Cuando Miguel Ángel Hernández, escritor y profesor de historia del arte, escribió los ensayos que configuran La so(m)bra de lo real, que ahora edita Holobionte Ediciones, entre dos mil tres y dos mil dieciséis, el mundo había conocido la caída de las Torres Gemelas, que convirtió cualquier franja horaria en la que estuviesen desmoronándose, primero en directo, y después en diferido, en prime time durante días. El tercer milenio comenzaba con un espectáculo televisivo mundial como nunca antes se había visto: los especiales se sucedían sin descanso, y también las teorías. La gente saltaba de las ventanas de los edificios en llamas en un bucle que abarcaba programas de todo el planeta. Los aviones se estrellaban desde todos los ángulos posibles. El colapso final anunciaba una nueva era en la historia de la humanidad. Se han cumplido ahora veinte años. En lo que respecta al lugar del arte frente al Gran Espectáculo, en la sombra y la sobra y como resistencia a los discursos propagandísticos, como vehículo hacia lo real, las cosas no han cambiado mucho, tal y como explica el autor en el prefacio escrito en esta era de la posverdad; el arte sigue tratando de hackear el programa, en sus palabras: “el arte es capaz de mostrar modos de experiencia que escapan a las lógicas dominantes [...] eso sigue teniendo sentido en nuestro presente, a pesar de sus perversiones, sus parodias o sus fracasos”. Recientemente saltaba a las noticias teletipo una obra de arte invisible: solo estas y las que pulverizan los récords en su venta suelen tener cabida en ellas. El sardo Salvatore Garau vendía por quince mil euros su escultura inmaterial ‘Io sono’. El comprador recibía un certificado en el que se garantizaba la autenticidad de la obra, y un mensaje para instalarla: “Escultura inmaterial para colocar en una casa particular dentro de un espacio libre de cualquier estorbo. Dimensiones variables, aproximadamente 150 x 150 cm»”. Esto, tal y como explica Hernández en La so(m)bra de lo real, no es nada nuevo.

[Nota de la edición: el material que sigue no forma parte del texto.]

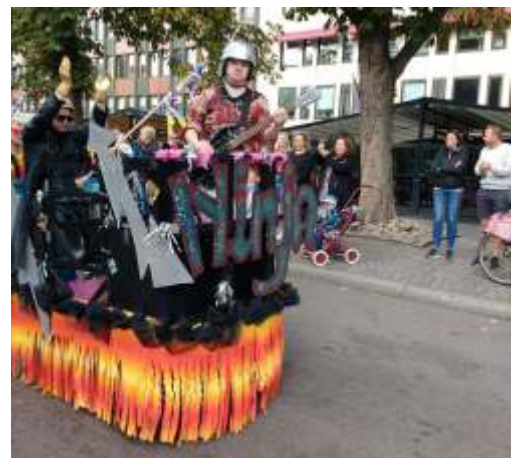
Från karnervalen i Karlstad

Aktuell: Genom sin medverkan i Lerins lärlingars resa till Brasilien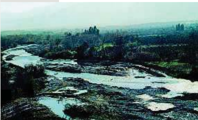
1. Η κοιλάδα του Ευρώτα

Οι Δωριείς κυριάρχησαν με τη δύναμή τους σε διάφορα μέρη της Πελοποννήσου. Πολλοί από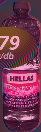
Hellas étolaj 1 l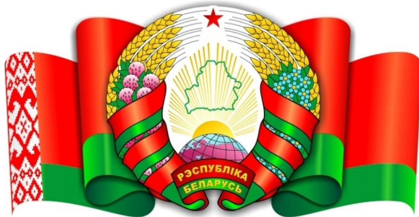
Флаг и герб Республики Беларусь

С распадом СССР был принят ряд законов, которые юридически оформляли независимость Беларуси. 25 августа 1991 г. Верховный Совет БССР (в то время так назывался белорусский парламент) объявил законом принятую 27 июля 1990 г. Декларацию о государственном суверенитете. Этим законом суверенитет и независимость Беларуси были оформлены законодательно. На этой же сессии Верховного Совета была приостановлена деятельность Коммунистической партии Беларуси. 26 августа 1991 г. был принят Закон «Об обеспечении политической и экономической самостоятельности БССР», а 19 сентября 1991 г. — закон об изменении названия республики. Вместо БССР она стала называться «Республика Беларусь». Была утверждена новая государственная символика: герб «Погоня» и бело-красно-белый флаг. Белорусский язык объявлялся государственным. Однако 14 мая 1995 г. , после прихода к власти А. Г. Лукашенко, по результатам проведённого референдума были утверждены новые герб и флаг (ныне существующие), а русский язык получил статус равного с белорусским.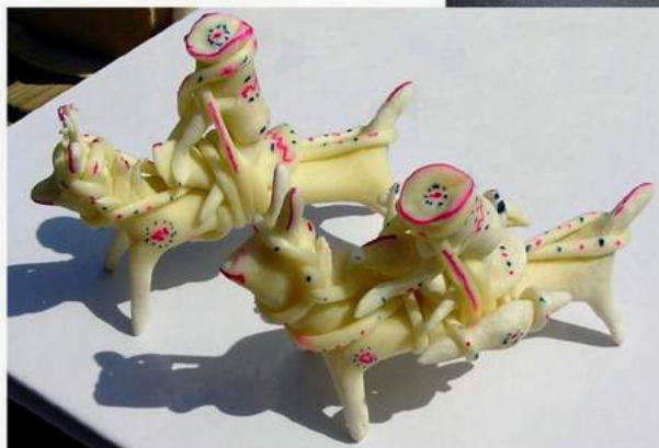
Петрів М. Вершники з сиру. Брустури, Гуцульщина, 2006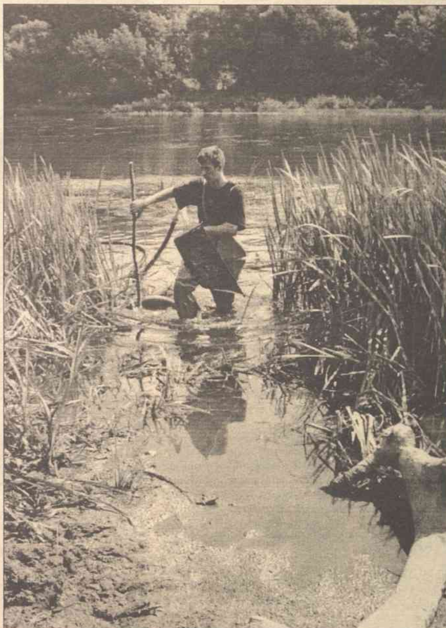
Rosliny zatrzymały część oleju tworząc wzdłuż brzegów Wilii wiele plam, które skrupulatnie usuwają strażacy

inna firma. Prawdopodobnie przedstawiciele firmy „Fegda” nie przyznają się do winy.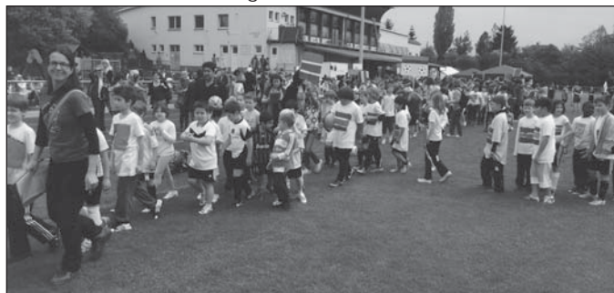
Bei den Klassenstufen 1/2 gewannen die „Englischen Löwen“

Viele Mitglieder der Fußball-Abteilung sorgten für ein abwechslungsreiches Catering. Am Ende der Veranstaltung freuten sich alle Kids über die erzielten Platzierungen und die kleinen Trostpreise, welche die Veranstalter organisiert hatten.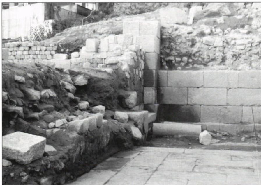
Fig. 9 – Pormenor do aditus limitado à esquerda pelo muro do proascaenium .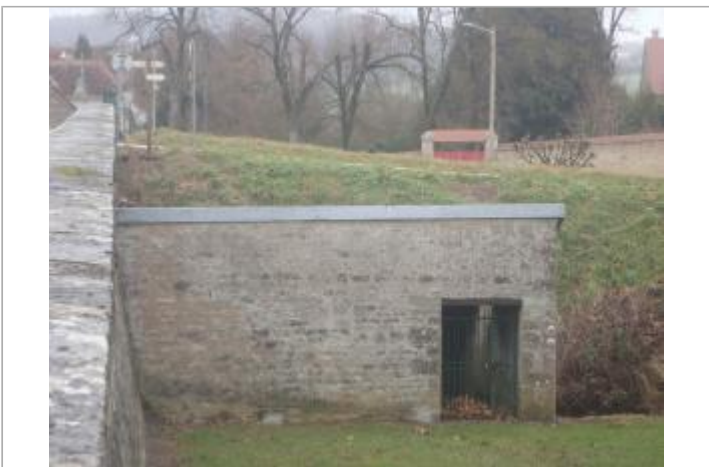
Lavoir de Buffon

GÉOLOCALISATION Coordonnées WGS84 : X: 4.27428690 / Y: 47.64835600 Coordonnées RGF93 (Lambert 93) X: 795662.17 / Y: 6728324.25 Coordonnées RGF93 (ETRS89) : X: 4.2742869 / Y: 47.648356 Code Hydro: F3--0210 Rive de référence: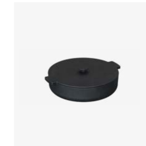
OFYR CAST IRON CASSEROLE 26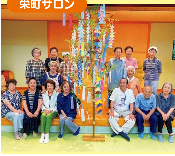
短冊に願いを込めて!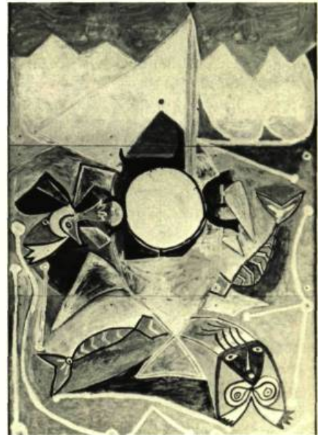
Ulysse et les Sirènes . Huile et ripolin sur panneau de fibro-ciment. 142 po. sur 98½ (360 x 250 cm.).

Porté par un élan dionysiaque, Picasso jette, pêle-mêle, centaures, ménades, femmes-fleurs, faunes, chèvres, près des rives marines qui les ont vu naître. Les dessins, comme écrits au fil du crayon, trait continu, sans bavure, multiplient les marques d'une plénitude de la chair qui exulte dans la liberté panique. La Joie de vivre dit un bonheur non contesté. Les divinités dont il se sert soulignent sa félicité amoureuse: Antibes est l'instant unique où il se fait comme un temps de repos dans la tension, quasi permanente, entre la violence et la mort qui forme la trame de l'œuvre de Picasso. Même les Maternités , nombreuses après la naissance de son fils Paulo, n'ont pas cette sérénité, cet abandon à la joie de l'heure, cette tendresse dans la volupté.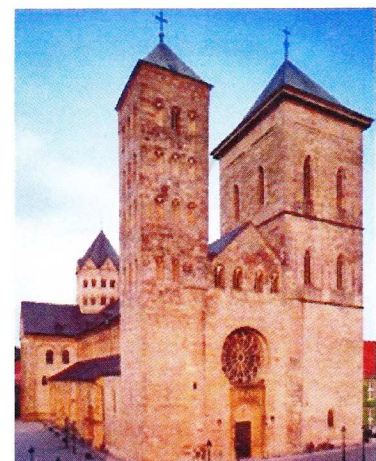
Dom St. Petrus

Historische Vereniging Haarlem op bezoek in Osnabrück 15. t/m 17. april 2011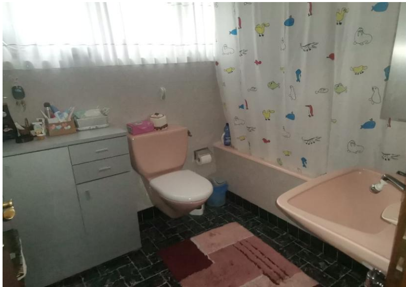
WC und Badewanne / WC e vasca da bagno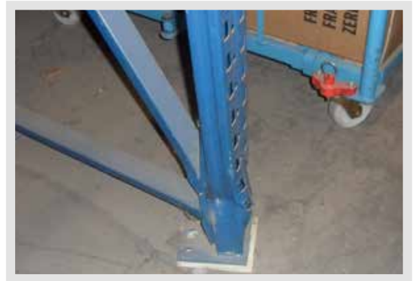
beschädigter Regalrahmen der Stufe ROT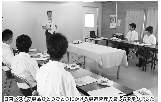
日東ベストで製品ひとつひとつにかかる製造管理の厳しさを学びました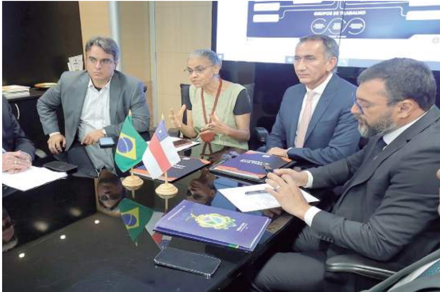
Reunião em Brasília teve presença da ministra Marina Sila e ministro Waldez Góes

Segundo o governador, o Ministério da Integração e Desenvolvimento Regional se comprometeu com o envio de itens como cestas básicas e água. O Ministério do Meio Ambiente garantiu que vai intensificar o combate aos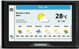
Figura 3: Garmin Drive 52

I modelli Garmin DriveSmart 55 e Garmin DriveSmart 65 sono compatibili, inoltre, con la nuova app Garmin Drive™ , mentre il modello Garmin Drive 52 è compatibile con l'app Smartphone Link . Una volta scaricata la rispettiva applicazione, il navigatore satellitare potrà connettersi in modalità wireless con il proprio cellulare in modo tale da ricevere sul proprio dispositivo notifiche quali sms, e-mail e telefonate, oltre a informazioni in tempo reale riguardo a dati sul traffico, aggiornamenti meteo e informazioni su parcheggi e, soprattutto, avvisi dalla propria retrocamera Garmin BC™30 che sfrutta lo schermo del navigatore per mostrare in streaming le immagini catturate da dietro l'abitacolo.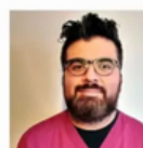
T.M. Eduardo Urrea Oftalmología y Optometría

Dos elementos definen la el universo y su geometría en expansión [el espacio-tiempo es, en realidad, geometría], y no somos capaces de verlos, por eso decimos que son oscuros. Sin la presencia de la enorme cantidad de una materia invisible —la materia oscura—, que se estima, debe constituir el 80% de la materia del universo, las galaxias no podrían ser lo que son. Y sin el empuje de una energía todavía más misteriosa, la energía oscura, el universo no se estaría expandiendo al inimaginable ritmo acelerado al que lo hace, y que nos llevará, a nosotros o los seres vivos que lleguen a presenciarlo, en algún rincón de este entorno a escala inhumana, a un punto en el que será imposible ver nada, porque la expansión del universo será más rápida que la velocidad de la luz —nada dentro del universo puede viajar más rápido que la luz, pero nada impide que el propio universo lo haga—, y si la luz no llega, solo quedará la soledad cósmica. El ojo, de nuevo. El destino final del ojo será conocer lo que ya conoce, y nada más. Materia oscura y energía oscura. Y agujeros negros, que no dejan escapar la luz, que no nos dejan ver lo que hay dentro. Y aquí en casa, pantallas: el Gran Espectáculo fagocita cualquier cosa y la excreta en forma de titular cómico, de especial anfetamínico, de anuncio pretendidamente poético. La pantalla es eso que muestra pero también es eso que separa. Lo que se coloca en torno a luz demasiado brillante para que no nos deslumbre, nos dañe o nos ciegue. En los extremos, por otro lado, sigue la sombra y la sobra, la falta y el exceso. Quienes los habitan, eso sí, lo tienen cada vez más difícil. El listón está muy alto. El espectáculo debe continuar.